The courage of empathy
I dip my pen in the blackest ink, because I am not afraid of falling into my inkpot.
— Ralph Waldo Emerson
I am developing more courage, I've had to, as my empathy has taken me new places. Buddhism appeared at first, to me, all about observation. I called it the WYSIWYG religion. It appeared, at first, to be a calming religion, one that my friend Chuck advised me to continue pursuing as a treatment for my occasional panic attacks during law school.
Note that Emerson is "not afraid of falling" ... is that because he knows he won't fall, or because he knows that falling won't hurt him? Or because he isn't afraid of being hurt? Dipping retains control, whereas falling loses it.
Well, Buddhism started out as calm observations and deep breathing exercises, but then I got better at observing, and I started empathizing with whatever I was observing. More than that, I started popping out of my own head, and entering what used to be objects of my consciousness. I started feeling my consciousness expanding beyond my ego, into parts of the universe that I had not considered "me". The first time that happened, I labeled the sensations enlightenment. Then it happened again, then it happened again, and now it happens pretty much whenever I try, which makes the universe a very busy place for me!

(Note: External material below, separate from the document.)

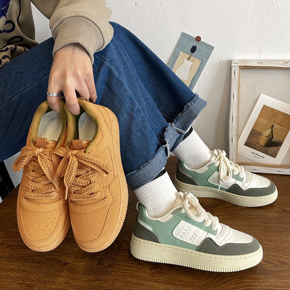 おしゃれ ローカットスニーカー カジュアルシューズ 履きやすい レースアップ靴 春夏秋冬 配色スニーカー 韓国厚底ソール
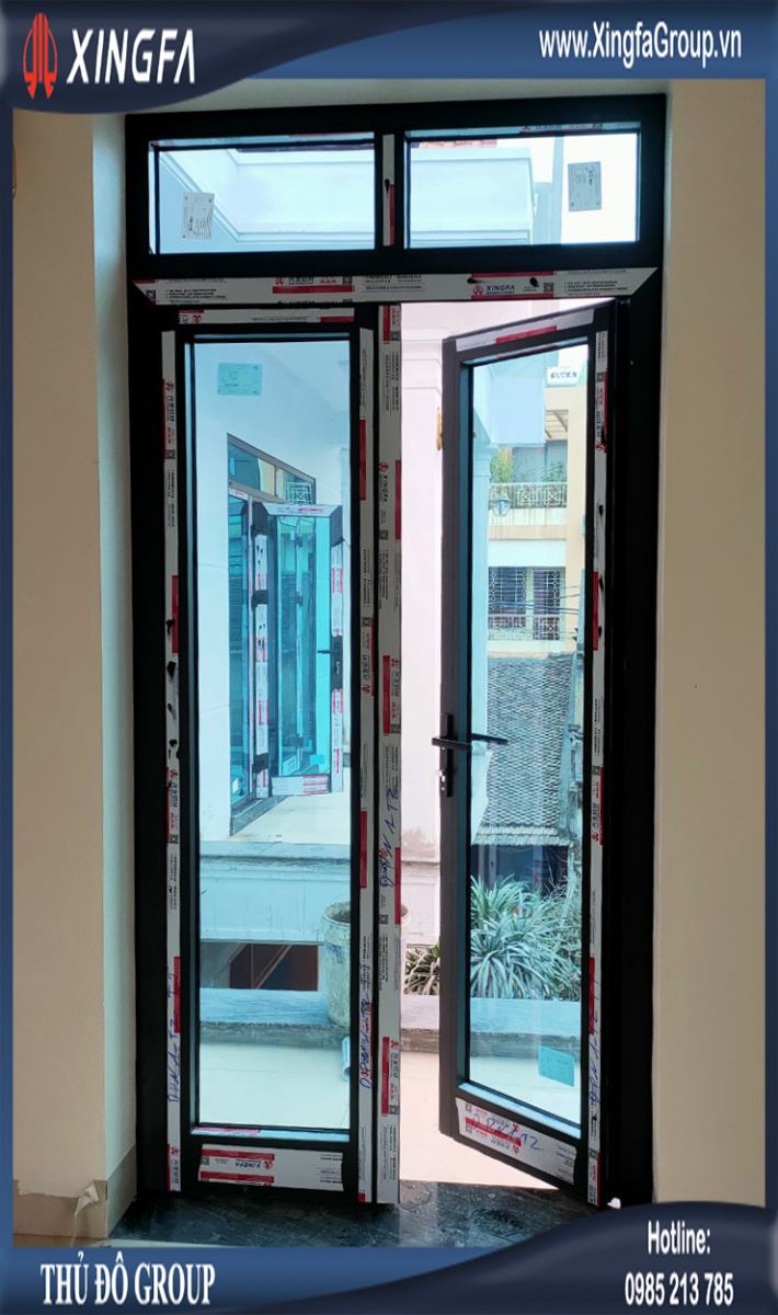 Hình ảnh cửa ra vào hệ mở quay 2 cánh nhôm Xingfa chính hãng

Some parts of the universe are not happy. I've had to learn better ways of accepting that, to keep my ego from accepting responsibility for fixing everything. Because I can't fix everything. All I can do is sit within each moment, and decide within each moment how to react. Sometimes I can help via activity, sometimes via listening, sometimes via touch, sometimes via sharing, sometimes ... I can't help ... and that's OK. It isn't my pay grade to save the universe.